Why could we not hear this? The theory was that a single set of ears was unable to hear this chord – the scale was just too large to perceive. The waves were too long and the physical distances between harmonics too great. So we synchronized two dat recorders in the center of the hall, then separated in them space but not in time. Bruce walked the path of the commuters going to the trains and back while Sam stayed in the center of the terminal. Later when we synchronized these recordings and listened as if with four ears and two perspectives at once, the resonating chord immediately appeared. This chord is comprised of train motors at the fundamental resonated down the long underground tubes joining the main terminal, air- conditioning at the fifth, fans at the octave, and a sub harmonic produced by the giant ventilation fans on the roof. Remove either of the two channels and it disappeared again. GCT is like a huge resonating instrument playing a shifting harmonic structure that is an audio read-out of NYC's transportation hub.

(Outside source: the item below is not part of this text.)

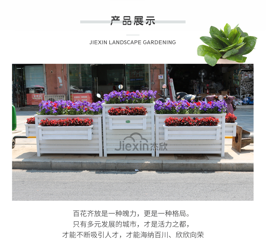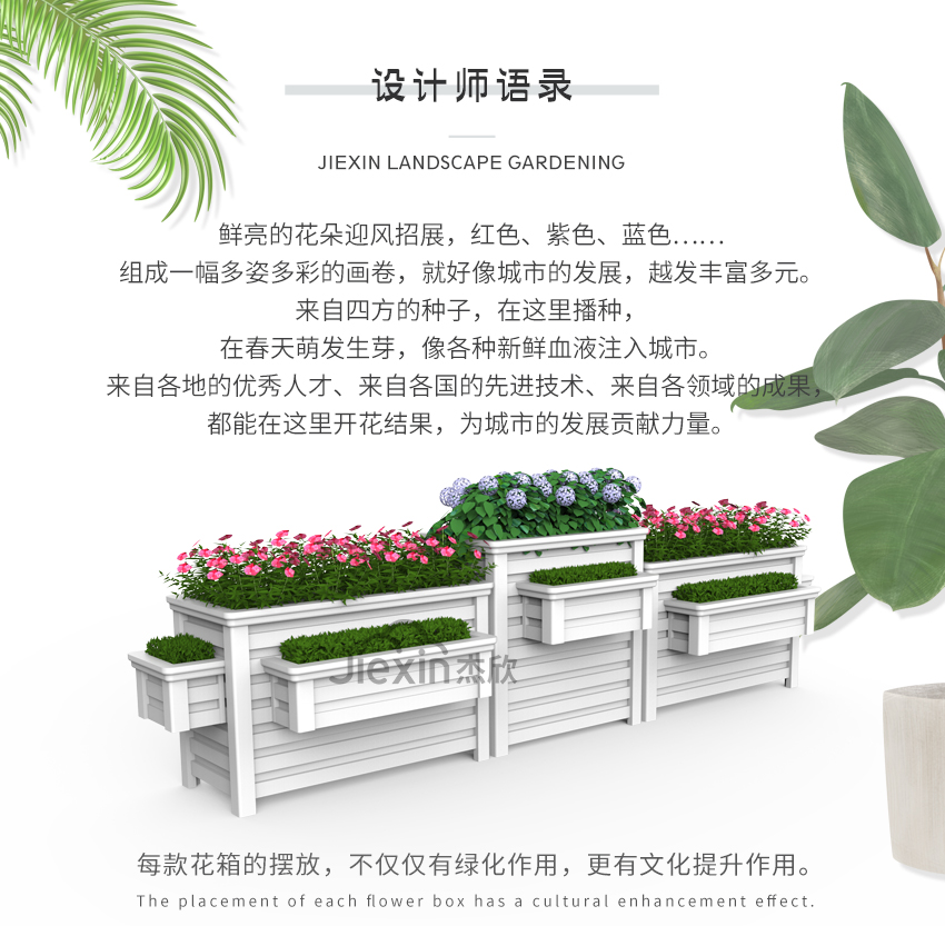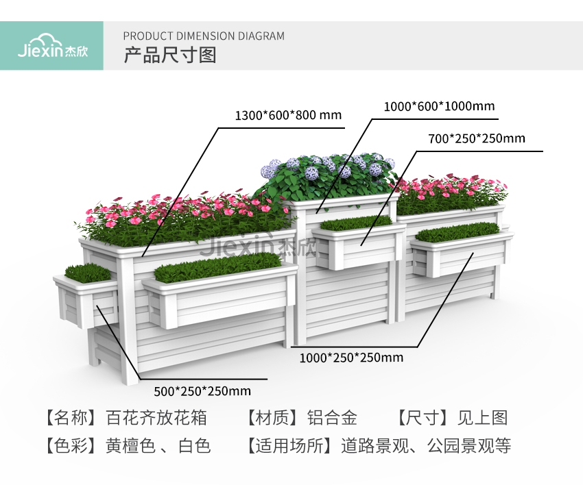 組合花箱的材質(zhì)是鋁合金,防腐耐磨、堅(jiān)固耐用,能夠在戶外使用二十年。

BERLIN: TUNING TUBE 1993 In 1993 in Berlin we were once again making a sound installation to support Peter Erskin's ”Secrets of the Sun”. This time the site was the proud 1956 parabolic structure donated by the Americans in the height of the cold war paranoia. First we listened to the sounds existing in the area; intense traffic, bell tower, fountains, picnics, people, cars, buses, i.e.: intense but normal large city noise penetrating the park-like visual look and amplified and reflected by the colossal post-war cement monument.
We chose to use a resonating tuning tube of 4 meters at the bus stop located at the main entrance. The tube's interior reinforcing a clear overtone series and reducing all incoming sounds to those possible intervals. Our rhythmic structure was the arrival and departure of buses, which activated the tubes’ fundamental and first octave overtone every 5-10 minutes. The fountain in the reflecting pool nearby provided a tambura-like drone. Occasional interludes of people coming and going, or waiting for the bus provided melodic interest as their voices and footsteps were scanned and distributed on the upper partials. We tuned the position of the microphone in the tube to the flat 7th giving the whole a sort of blues scale.
For the position of the speaker, which would re-introduce this tuned resonance to the site, we considered for several days. Finally we chose to use a planet speaker on the cement floor of the plaza pointed up at the parabolic cement roof. Since the beam of sound it produces is very directional you could stand right next to it with the speaker almost at your feet and the sound still seemed to emanate from the arched roof above, its first reflection. There with very little power from the amps we could use the parabolic architecture to amplify the sound. Walking around the site and hearing this beam of tuned resonance coupled with the architecture changed the perception of the site making the dominating shape of the parabolic roof seem to float as if on wings. This form of composing with resonance, speakers, architecture and live input of a city as a sound source to generate all the sounds has one main benefit. It continually refreshes itself. It is never the same. As an interface it is always changing in response to its sound environment- with the traffic, visitors, season, weather and with the time of day. It transforms into a perceivable information of the interplay that is already taking place.